- **Exercise directions**
Both the line containing "就走到江之島海蠟燭頂層上看夕陽落下的富士山" and the line containing "1月14日,一场冬雨过后,广" belong to the span. Output exactly that span from the listing below, and nothing outside it.

- **Records for the task**

────────────────────────────────────────

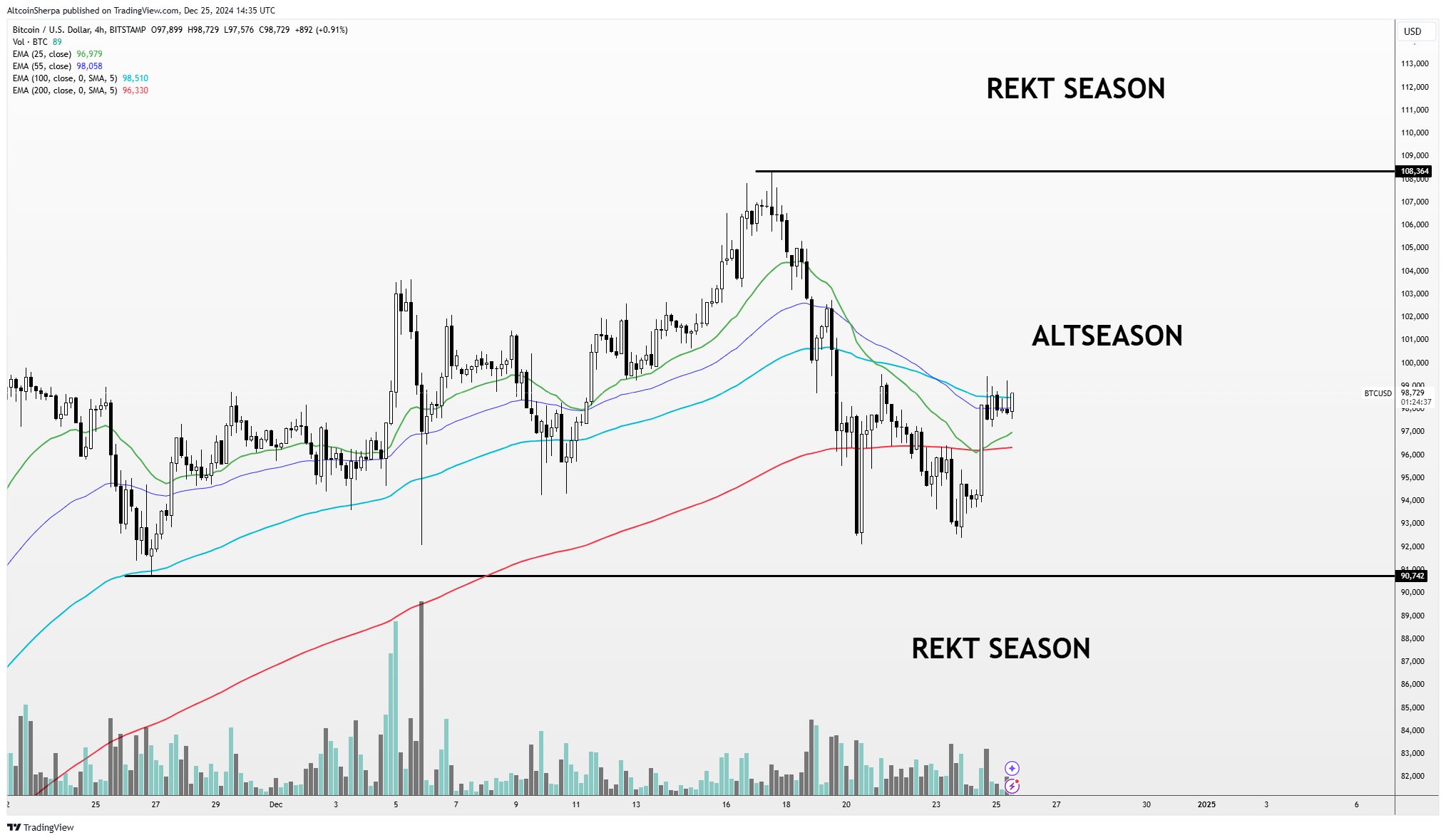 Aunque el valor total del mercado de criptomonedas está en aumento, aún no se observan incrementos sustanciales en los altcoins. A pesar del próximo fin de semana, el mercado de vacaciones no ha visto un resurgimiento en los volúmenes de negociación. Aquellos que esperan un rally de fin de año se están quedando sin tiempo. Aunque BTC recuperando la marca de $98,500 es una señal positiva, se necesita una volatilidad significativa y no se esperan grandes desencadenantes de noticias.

────────────────────────────────────────

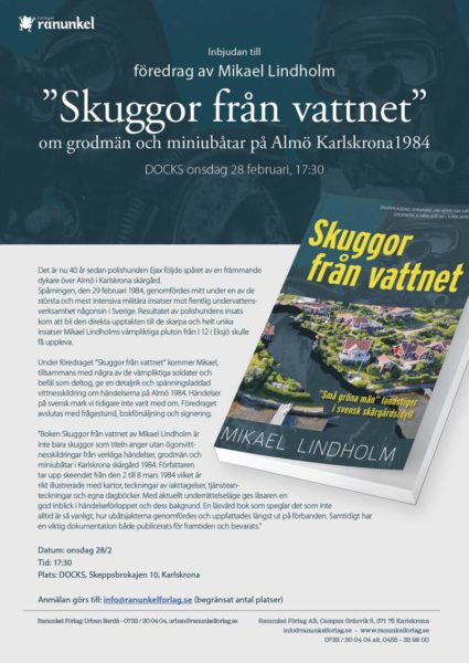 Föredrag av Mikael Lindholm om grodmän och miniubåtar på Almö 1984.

────────────────────────────────────────

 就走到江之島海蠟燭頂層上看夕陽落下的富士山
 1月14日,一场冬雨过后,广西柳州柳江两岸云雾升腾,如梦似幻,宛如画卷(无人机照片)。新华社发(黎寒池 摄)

────────────────────────────────────────

- **Finished exercise**
 就走到江之島海蠟燭頂層上看夕陽落下的富士山
 1月14日,一场冬雨过后,广西柳州柳江两岸云雾升腾,如梦似幻,宛如画卷(无人机照片)。新华社发(黎寒池 摄)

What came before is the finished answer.